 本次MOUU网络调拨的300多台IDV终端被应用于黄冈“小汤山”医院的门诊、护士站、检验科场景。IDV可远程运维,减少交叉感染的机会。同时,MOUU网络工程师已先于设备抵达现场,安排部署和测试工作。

---

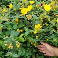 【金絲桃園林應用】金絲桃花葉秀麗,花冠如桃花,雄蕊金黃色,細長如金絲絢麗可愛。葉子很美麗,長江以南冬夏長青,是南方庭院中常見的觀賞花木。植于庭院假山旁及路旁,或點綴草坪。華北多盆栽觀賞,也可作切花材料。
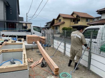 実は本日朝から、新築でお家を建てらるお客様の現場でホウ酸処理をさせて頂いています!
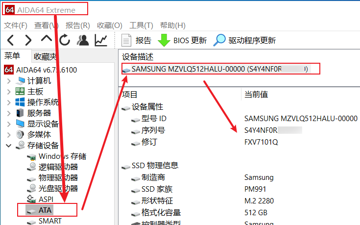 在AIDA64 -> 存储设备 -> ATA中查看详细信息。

• **Exercise details**: In the listing above, find the line with "実は本日朝から、新築でお家を" and the line with "在AIDA64 -> 存储设备 -> ATA中查看详细信息。". Transcribe those two and everything between, exactly, leaving out pictures.

• **Answer space**:
 実は本日朝から、新築でお家を建てらるお客様の現場でホウ酸処理をさせて頂いています!
 在AIDA64 -> 存储设备 -> ATA中查看详细信息。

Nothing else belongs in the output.